Night had almost descended. Lights were on by every porch, waiting for the little children who would knock on the door yelling “Trick or Treat”. Dressed in fanciful costumes, clinging to their bag of goodies, they laughed and giggled as they went from house to house.
When they got to our place, they were going to be tricked before treated. My teenage son, Steve, loved Halloween, but he had a wicked sense of humor and spent hours preparing for the children to arrive.
One year he purchased a “monster kit” containing putty and various other items that he plastered to his face and nose. Watching his transformation from human to monster was fascinating to my daughters and me.

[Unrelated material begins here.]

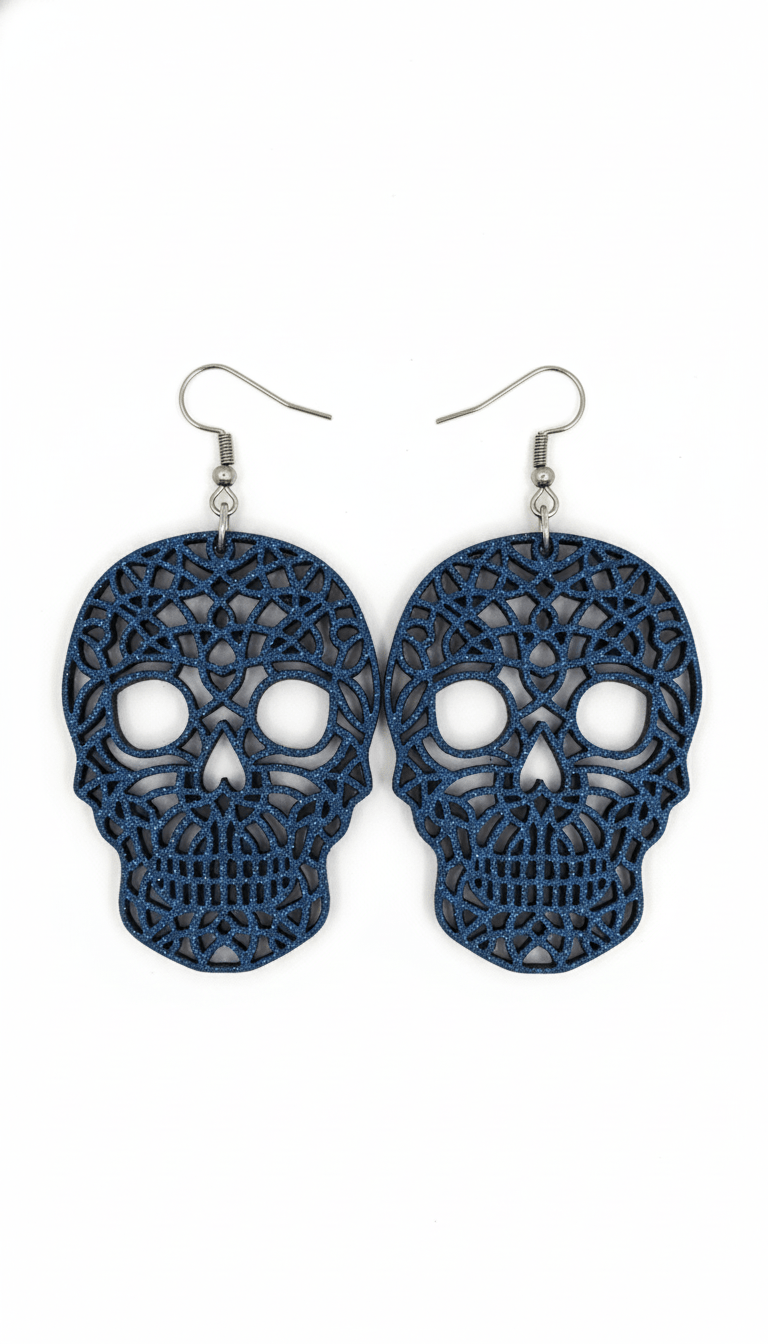 Χειροποίητα σκουλαρίκια νεκροκεφαλή σε βαθύ μπλε glitter που αποπνέουν δυναμισμό και μοναδικό στυλ. Ο λεπτομερής, δαντελωτός σχεδιασμός τους αναδεικνύει το ιδιαίτερο σχήμα και δημιουργεί ένα εντυπωσιακό αποτέλεσμα χωρίς να βαραίνει το αυτί.

Still, he wasn't satisfied. One more thing was needed.
He took soapy water and splashed it in his eyes until they were so bloodshot he could barely see. Plastic fangs completed his black outfit. When he partially opened the door he would let out this howl. Talk about shocked children. They didn't know whether to cry or just run away.

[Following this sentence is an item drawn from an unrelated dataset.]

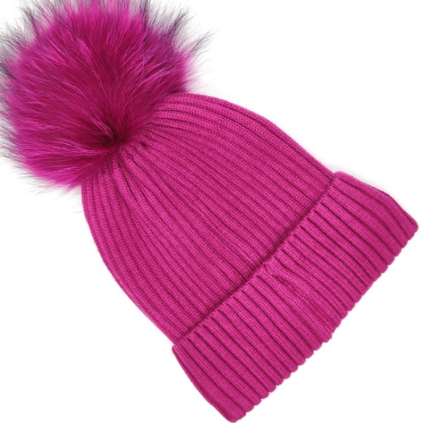 Дамска зимна шапка с пух о естествен косъм и подгъв-Цикламена

Steve would immediately open the door wide and laugh.
“Gotcha, didn't I?”
The giggles and laughter would return as Steve filled their bags with several kinds of candy. By the time the last goblin or princess left, Steve's eyes were almost back to normal, much to my relief.

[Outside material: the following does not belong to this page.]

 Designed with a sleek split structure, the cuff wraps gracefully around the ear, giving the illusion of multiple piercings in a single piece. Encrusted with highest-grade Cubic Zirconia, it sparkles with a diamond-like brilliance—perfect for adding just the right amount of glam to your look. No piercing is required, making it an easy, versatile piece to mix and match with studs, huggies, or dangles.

One year he decided to try something different. He convinced the local movie theater to rent a coffin to be placed in the lobby. Dressed as Dracula, he laid in the coffin quietly, arms crossed on his chest. The minute he heard footsteps on the padded floor, he would rise slowly, bare his fangs and howl. On that one night he was Dracula. The startled movie goers would gasp, then delightedly laugh. Candy and drink sales soared, making the manager one happy man.
Steve's pay? He and his friends got to see free movies.
Looking back to those days I still smile at my son's antics.